【Elasticsearch】es7.2 跨集群迁移大量数据

说明

在 Elasticsearch 7.2 环境中，对 >100GB 的大数据量进行跨集群迁移时，不能直接使用同步 _reindex（会超时、OOM），而应采用异步 + 分片滚动 + 性能调优的策略。测试环境使用 Docker 部署了两个Elasticsearch 7.2 实例，并通过端口映射分别暴露为：

源集群：宿主机 9200 → 容器内 9200
目标集群：宿主机 19200 → 容器内 9200

且两个容器运行在同一台宿主机上（这是关键前提），测试时我使用宿主机 IP 实现跨容器通信，实际使用时请以自己的环境信息为准。

主要步骤包括：

源集群：创建索引 + 插入测试数据
目标集群：创建目标索引（可选）+ 配置白名单
执行远程 _reindex
验证数据一致性

环境说明

组件	地址（宿主机视角）	容器内部
源 ES	http://192.168.1.10:9200	单节点，含大索引 logs-2025-03
目标 ES	http://192.168.1.10:19200	单节点或集群
网络	同一宿主机（Docker 默认 bridge）
ES	版本 7.2.0

数据规模 >100GB，数亿文档

假设你已启动两个容器：

xml 复制代码

docker run -d --name es-source -p 9200:9200 -e "discovery.type=single-node" -e "xpack.security.enabled=true" -e "ELASTIC_PASSWORD=fC3!eG5#iF" docker.elastic.co/elasticsearch/elasticsearch:7.2.0
docker run -d --name es-target -p 19200:9200 -e "discovery.type=single-node" -e "xpack.security.enabled=true" -e "ELASTIC_PASSWORD=fC3!eG5#iF" docker.elastic.co/elasticsearch/elasticsearch:7.2.0

准备源索引（模拟大数据结构）

实际生产中，索引已存在。

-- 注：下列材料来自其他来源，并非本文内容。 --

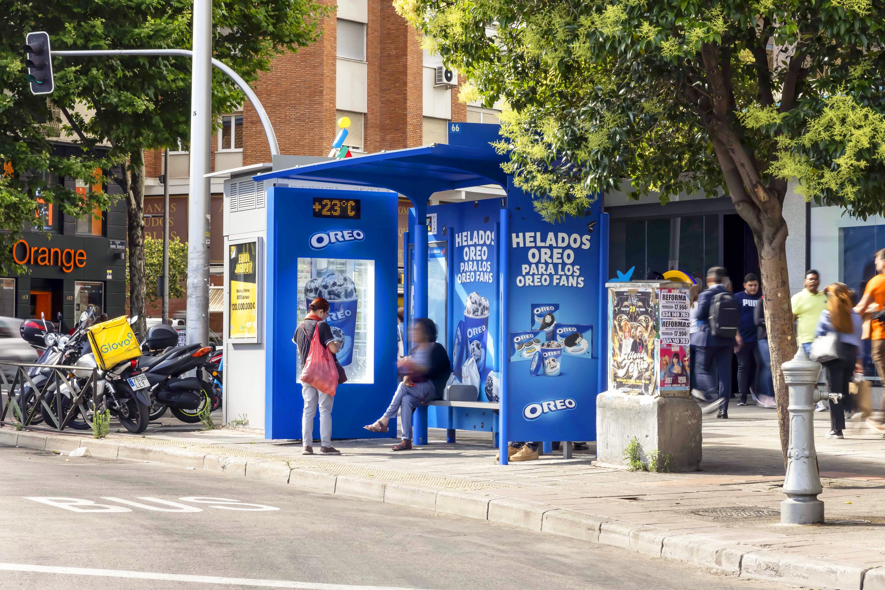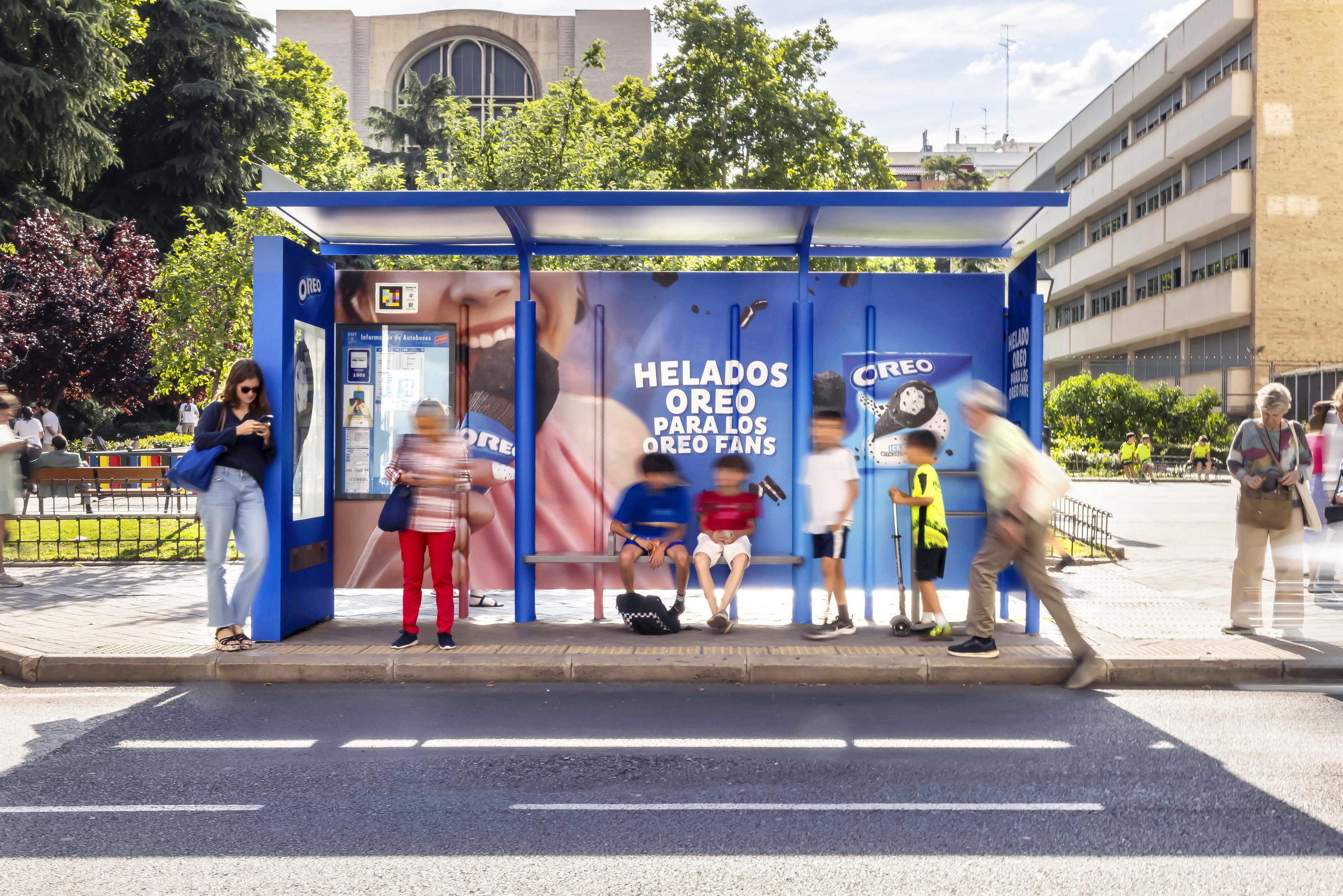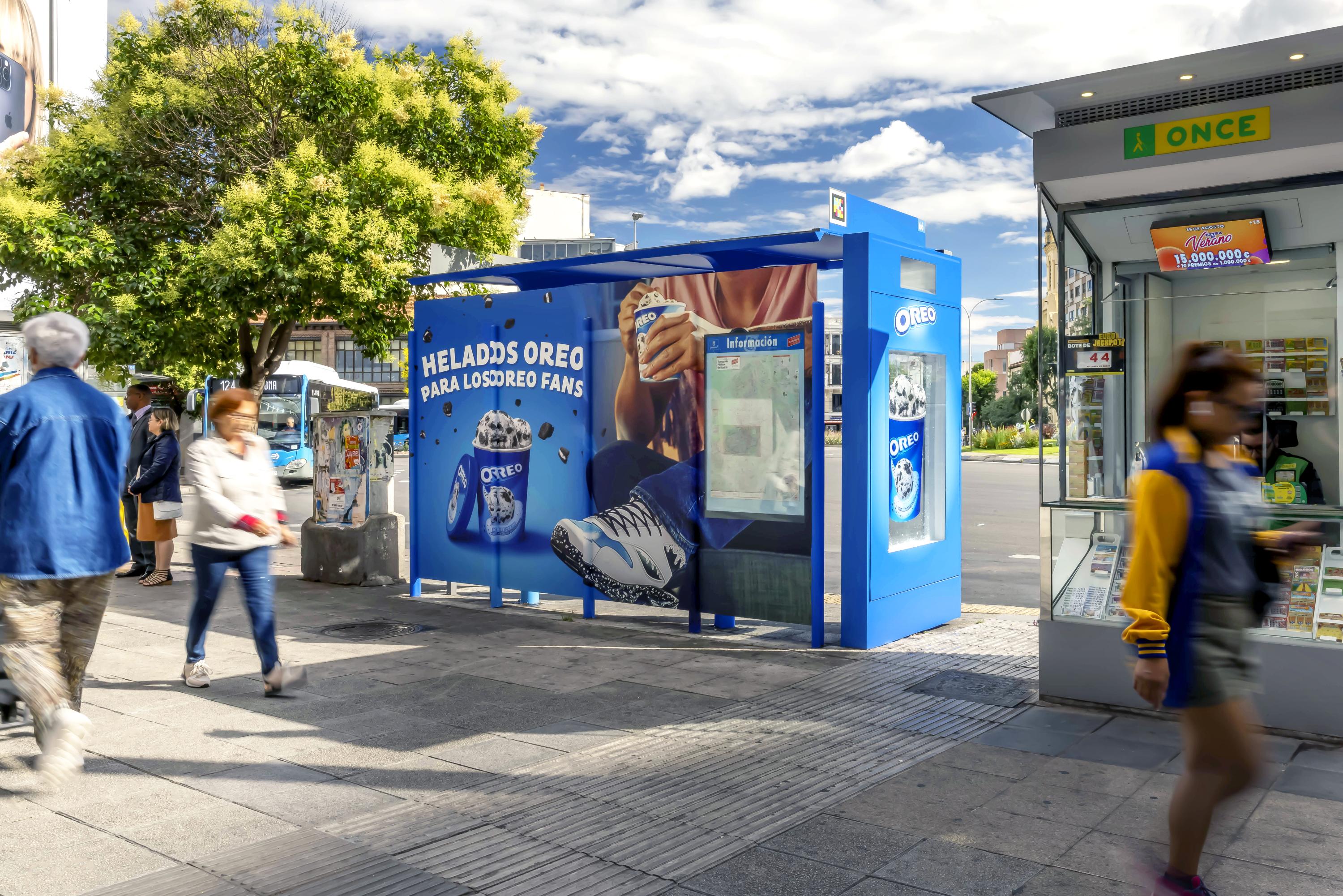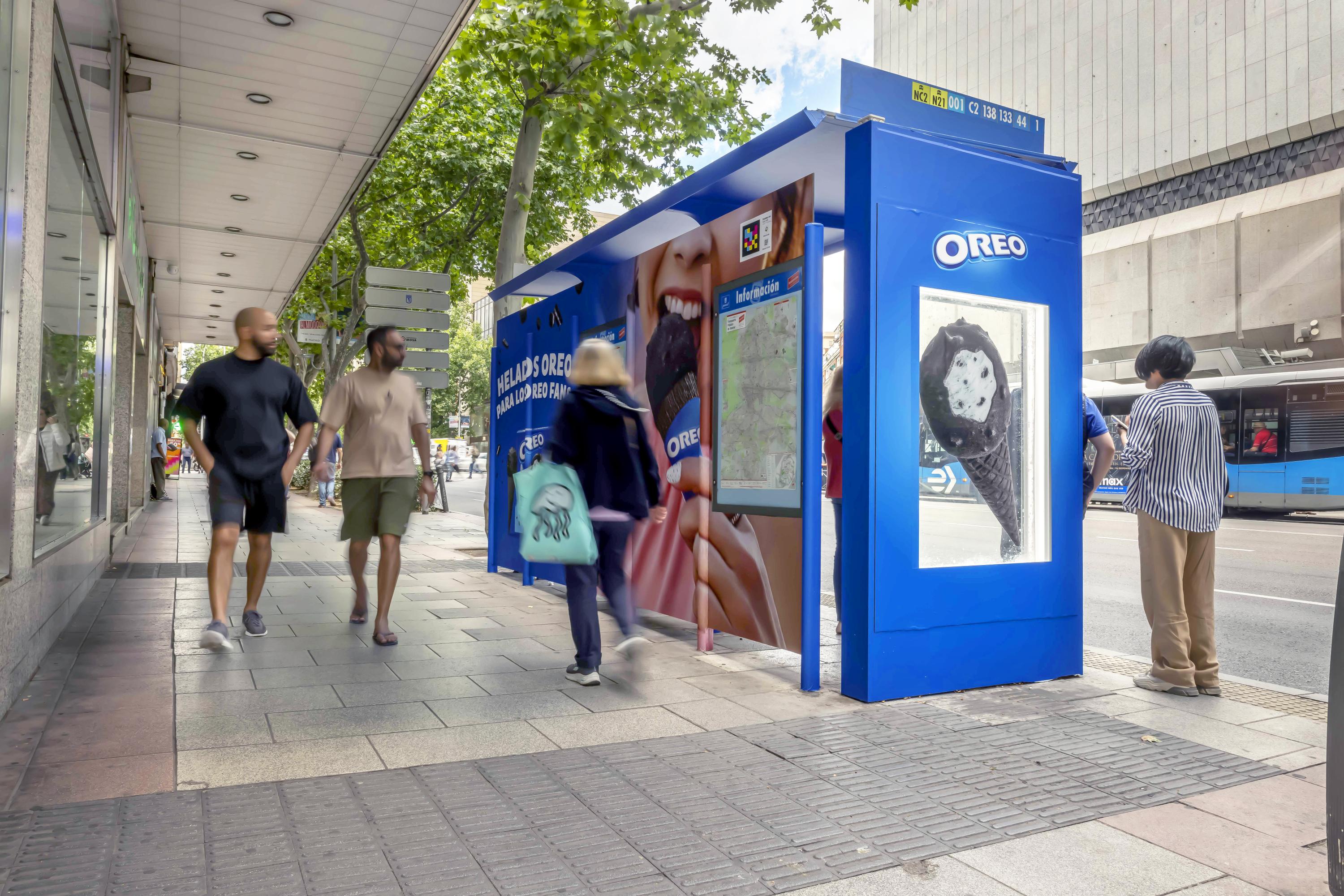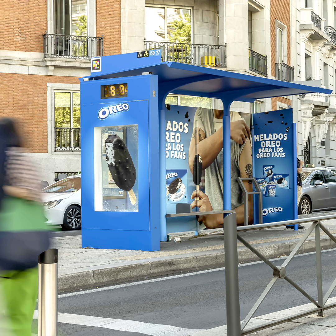Helados Oreo apuesta por el vinilado integral en estructura y un cajón con metacrilato impreso iluminado perimetralmente para darle protagonismo a su producto.

此处仅展示典型结构。关键：使用 @timestamp 字段 + 自动生成 _id（或业务唯一 ID）

创建源索引（带时间字段，便于分片迁移）

xml 复制代码

curl -u elastic:'fC3!eG5#iF' -X PUT "http://localhost:9200/logs-2025-03" \
-H 'Content-Type: application/json' -d '
{
  "settings": {
    "number_of_shards": 3,
    "number_of_replicas": 1,
    "refresh_interval": "30s",
    "index.codec": "best_compression"
  },
  "mappings": {
    "properties": {
      "message": { "type": "text" },
      "service": { "type": "keyword" },
      "level": { "type": "keyword" },
      "host.ip": { "type": "ip" },
      "@timestamp": { "type": "date", "format": "strict_date_optional_time||epoch_millis" }
    }
  }
}'

关键：包含 @timestamp 字段，用于按时间分段迁移。

配置目标集群

注意：此步骤必须在目标集群操作，且需重启服务

编辑 elasticsearch.yml

登录目标集群机器，当前环境可以直接进入docker后修改/usr/share/elasticsearch/config/elasticsearch.yml 文件

在文件末尾添加：

xml 复制代码

#允许从源集群拉取 reindex 数据
reindex.remote.whitelist: "192.168.1.10:9200"
#支持多个地址（逗号分隔）：
reindex.remote.whitelist: "192.168.1.10:9200,192.168.1.11:9200"

重启 Elasticsearch 服务

xml 复制代码

docker restart es-target
#等待服务完全启动

不重启 = 白名单不生效 = reindex 失败！

（可选）预建目标索引（推荐）

如果你想自定义目标索引结构（如改 mapping、调分片数），必须提前创建。否则 _reindex 会自动创建索引（继承源结构）。可以在源集群查看索引后然后在原来的基础上进行修改。

xml 复制代码

curl -u elastic:'fC3!eG5#iF' -X PUT "http://localhost:19200/logs-2025-03" \
-H 'Content-Type: application/json' -d '
{
  "settings": {
    "number_of_shards": 3,          # 根据目标集群规模调整
    "number_of_replicas": 0,        # 迁移期间关闭副本，提升速度
    "refresh_interval": "-1",       # 临时关闭刷新
    "index.translog.durability": "async"
  },
  "mappings": {
    "properties": {
      "message": { "type": "text" },
      "service": { "type": "keyword" },
      "level": { "type": "keyword" },
      "host.ip": { "type": "ip" },
      "@timestamp": { "type": "date" },
      "migrated_at": { "type": "date" }  // 新增字段
    }
  }
}'

大数据迁移策略

不要一次性 reindex 整个索引！ 应按时间分段 + 异步任务 + 限速

4.1 按时间分段迁移（示例：每天一个批次）

时间范围查询方式：

xml 复制代码

MIN_TS=$(curl -u elastic:'fC3!eG5#iF' "http://localhost:9200/logs-2025-03/_search?size=1&sort=@timestamp:asc" -s | jq -r '.hits.hits[0]._source["@timestamp"]')
MAX_TS=$(curl -u elastic:'fC3!eG5#iF' "http://localhost:9200/logs-2025-03/_search?size=1&sort=@timestamp:desc" -s | jq -r '.hits.hits[0]._source["@timestamp"]')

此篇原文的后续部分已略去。